8『警戒』
瑠璃の警告を受けて、響は考えられる可能性について検討した。
隼人の性格から考えて、直接的な手段に打って出る可能性が高い。
数日前の襲撃が良い例だ。七月の騒動の時も、隼人は直接手を下した。
その傾向から考えて、搦め手はほぼないだろう。であるならば、直接的な襲撃が考えられる。
加えて隼人が呟いていた内容から、次の試合に影響の出る形で仕掛けてくるはずだ。もっとも、響が七月の件のようにいたぶられた場合、試合そのものへの出場ができなくなるわけだが。
ともあれ、取り得る手段が直接攻撃で、試合に影響を与えるという条件ならば、かなり限定して考えられる。
例えば響に大怪我をさせる。もしくは著しく消耗させる、などだろうか。
怪我は治癒魔術である程度のものならすぐに治せてしまう。取られる手段が怪我だろうが消耗だろうが、襲撃があるのは試合当日から試合直前までだろう。
もちろん、大怪我をさせてくるのであれば前日でも構わないが、そもそも直接攻撃に限定されているのであれば、対策は容易だ。キュルリンによる護衛を継続してもらうだけでいい。学園最強ーー魔術師としても上位の実力を持つ奏の使い魔だ。護衛としてこれ以上ないほどの安心感で、ほとんどの場合で過剰戦力だ。

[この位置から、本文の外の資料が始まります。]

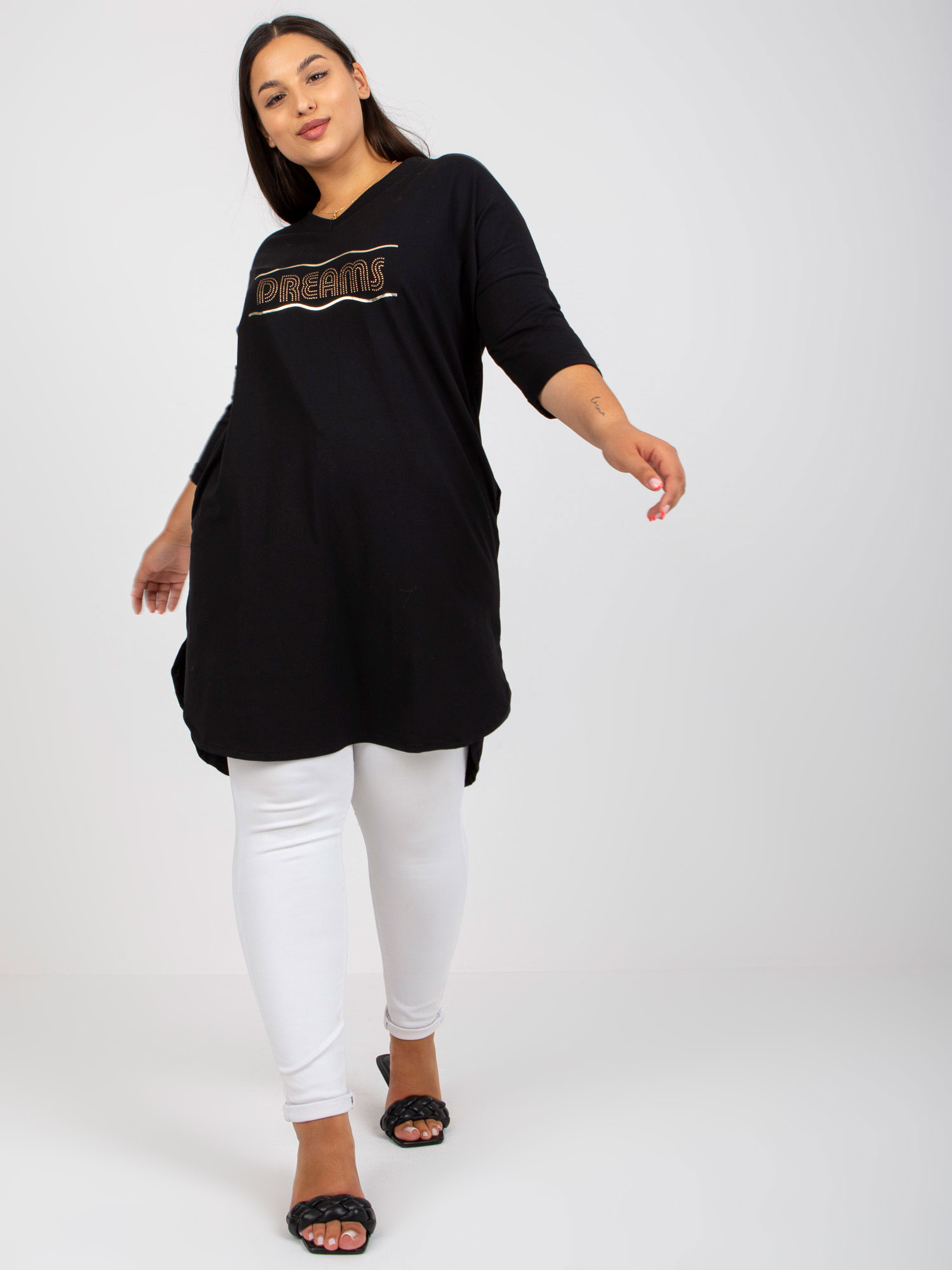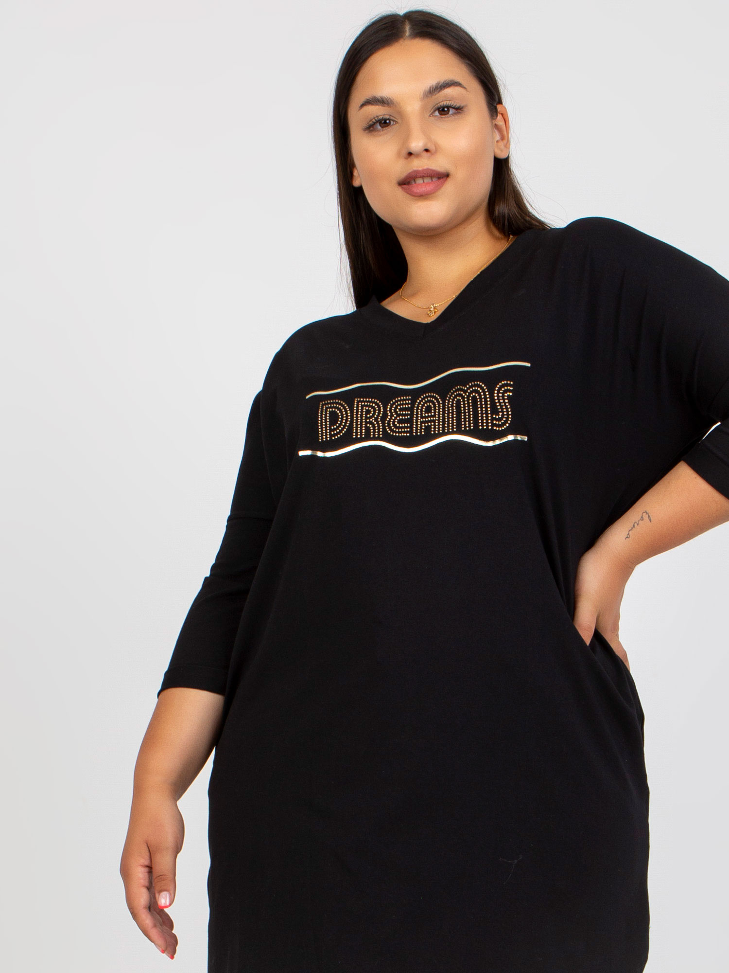 Wymiary tuniki w rozmiarze one size mierzone na płasko: szerokość pod pachami – 65 cm, długość rękawa – 39 cm, długość całkowita (przód) – 91 cm, długość całkowita (tył) – 100 cm .

それに念を入れる意味で追加できるのは、常にタロットを携帯しておく程度だ。
といっても、ホルダーを常時装備しているわけにもいかない。投擲可能なようにそれなりの強度が必要なタロットは、厚めの紙が使用されている。枚数を合わせれば結構な荷物だ。日常生活に邪魔になる以上、携帯するのは十数枚。戦闘を主眼に置いたものではなく、逃亡に焦点を合わせた用途とする。
これで充分以上の対策はできているだろう。想定外の事態があったとしても対応可能だと考えられる。
しかし、これはあくまで学園内に限っての話。
ないとは思うが隼人のことだ。登校中や下校中を狙われているとも限らない。
さしもの奏も、学外に範囲を広げてまでキュルリンを護衛につける魔力的余裕はないらしい。使い魔に供給する魔力だが、これが意外と馬鹿にならないのだ。学内とはいえそれなりの距離は離れられるのは、ひとえに奏の実力あってこそだ。
だったら自分が帰りも送ると豪語する奏の過保護な主張を思いとどまらせ、登下校中は響の自衛に任されることとなった。
どちらにしろ、仕掛けてくるのは当日の午前から試合直前に間違いないだろうが。できる限りの用心に越したことはない。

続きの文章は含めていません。